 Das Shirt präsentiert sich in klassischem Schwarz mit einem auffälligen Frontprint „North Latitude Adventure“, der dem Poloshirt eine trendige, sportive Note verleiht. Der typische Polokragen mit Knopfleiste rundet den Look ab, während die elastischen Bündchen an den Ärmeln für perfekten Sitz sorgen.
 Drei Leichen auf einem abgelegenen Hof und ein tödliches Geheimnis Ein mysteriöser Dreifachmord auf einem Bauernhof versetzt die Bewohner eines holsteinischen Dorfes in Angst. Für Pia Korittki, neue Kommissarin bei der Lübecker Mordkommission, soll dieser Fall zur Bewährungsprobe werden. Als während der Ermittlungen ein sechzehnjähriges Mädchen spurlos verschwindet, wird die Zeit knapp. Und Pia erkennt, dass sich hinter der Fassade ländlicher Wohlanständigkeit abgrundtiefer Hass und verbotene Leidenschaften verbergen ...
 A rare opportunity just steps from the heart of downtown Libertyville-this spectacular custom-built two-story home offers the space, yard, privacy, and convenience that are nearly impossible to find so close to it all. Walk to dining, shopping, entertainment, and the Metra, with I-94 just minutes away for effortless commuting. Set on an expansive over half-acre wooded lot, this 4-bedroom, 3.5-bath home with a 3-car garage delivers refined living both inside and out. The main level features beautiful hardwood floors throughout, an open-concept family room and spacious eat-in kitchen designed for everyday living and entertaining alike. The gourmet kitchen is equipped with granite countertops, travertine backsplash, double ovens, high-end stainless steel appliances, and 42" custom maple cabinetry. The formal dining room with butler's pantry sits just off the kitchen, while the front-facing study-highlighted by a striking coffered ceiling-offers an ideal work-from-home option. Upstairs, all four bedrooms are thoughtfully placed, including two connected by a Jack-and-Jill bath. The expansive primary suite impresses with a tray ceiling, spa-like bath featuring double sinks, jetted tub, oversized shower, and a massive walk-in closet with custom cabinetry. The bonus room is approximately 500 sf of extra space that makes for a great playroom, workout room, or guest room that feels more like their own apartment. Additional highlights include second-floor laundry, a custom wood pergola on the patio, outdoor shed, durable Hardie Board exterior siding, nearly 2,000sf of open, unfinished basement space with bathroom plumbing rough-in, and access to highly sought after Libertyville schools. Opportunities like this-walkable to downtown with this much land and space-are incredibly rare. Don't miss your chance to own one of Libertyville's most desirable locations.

------------

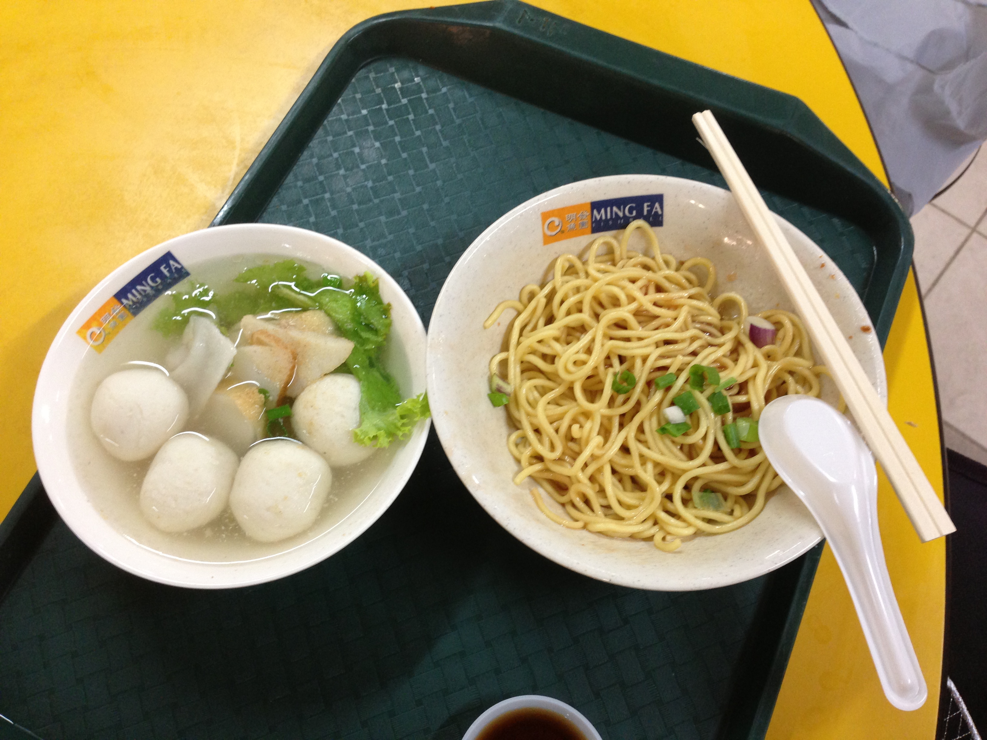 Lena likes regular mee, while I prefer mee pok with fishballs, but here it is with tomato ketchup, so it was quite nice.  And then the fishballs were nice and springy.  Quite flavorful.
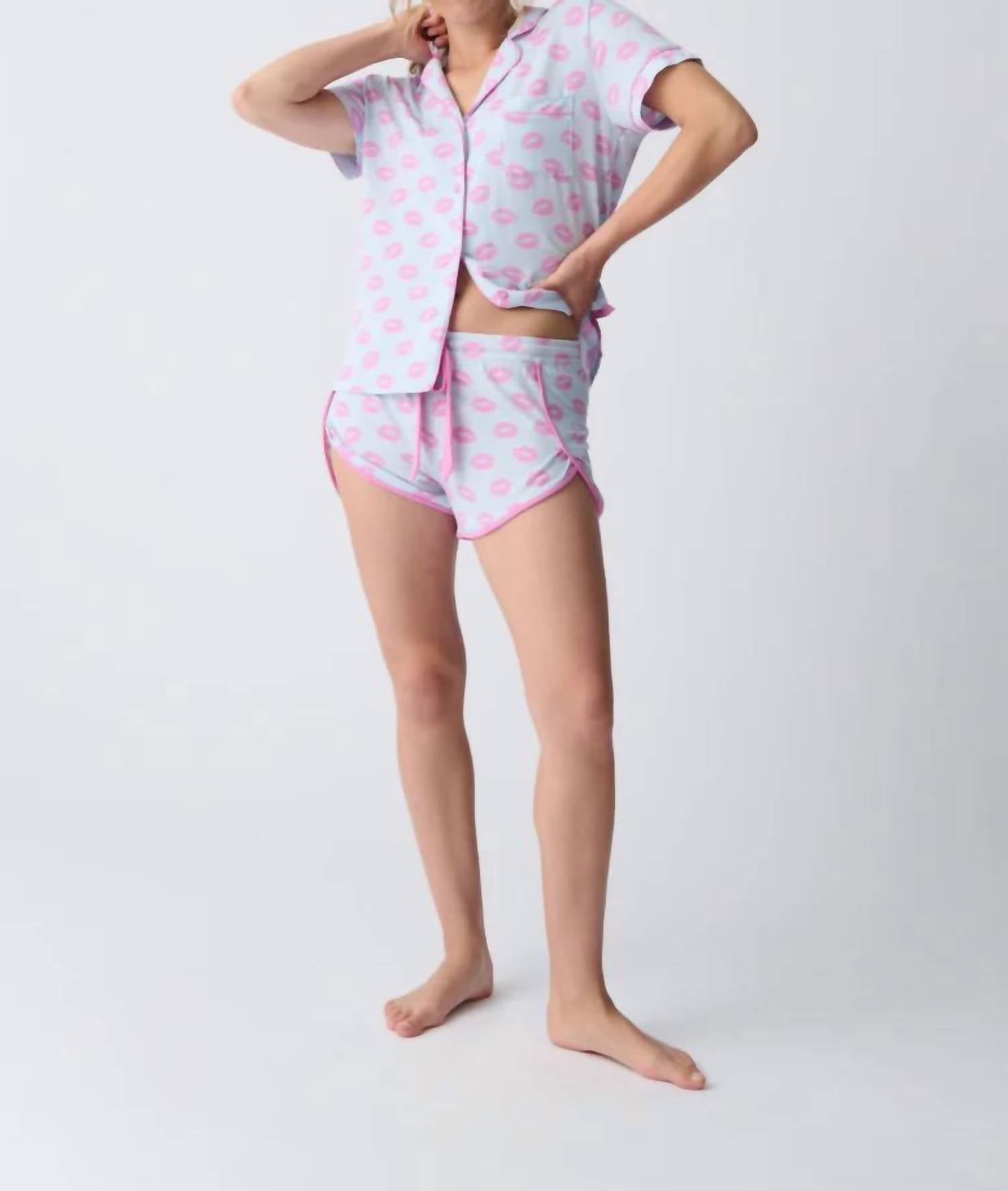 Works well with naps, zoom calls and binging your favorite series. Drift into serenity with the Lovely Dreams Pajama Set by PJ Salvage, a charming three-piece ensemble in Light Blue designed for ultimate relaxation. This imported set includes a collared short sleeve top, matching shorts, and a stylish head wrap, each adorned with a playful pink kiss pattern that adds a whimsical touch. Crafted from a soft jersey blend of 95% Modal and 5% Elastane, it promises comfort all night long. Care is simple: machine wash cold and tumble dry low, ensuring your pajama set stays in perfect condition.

------------

EXERCISE PROMPT> The answer should consist of every line above in which "sich" appears.

ANSWER BOX>
 Das Shirt präsentiert sich in klassischem Schwarz mit einem auffälligen Frontprint „North Latitude Adventure“, der dem Poloshirt eine trendige, sportive Note verleiht. Der typische Polokragen mit Knopfleiste rundet den Look ab, während die elastischen Bündchen an den Ärmeln für perfekten Sitz sorgen.
 Drei Leichen auf einem abgelegenen Hof und ein tödliches Geheimnis Ein mysteriöser Dreifachmord auf einem Bauernhof versetzt die Bewohner eines holsteinischen Dorfes in Angst. Für Pia Korittki, neue Kommissarin bei der Lübecker Mordkommission, soll dieser Fall zur Bewährungsprobe werden. Als während der Ermittlungen ein sechzehnjähriges Mädchen spurlos verschwindet, wird die Zeit knapp. Und Pia erkennt, dass sich hinter der Fassade ländlicher Wohlanständigkeit abgrundtiefer Hass und verbotene Leidenschaften verbergen ...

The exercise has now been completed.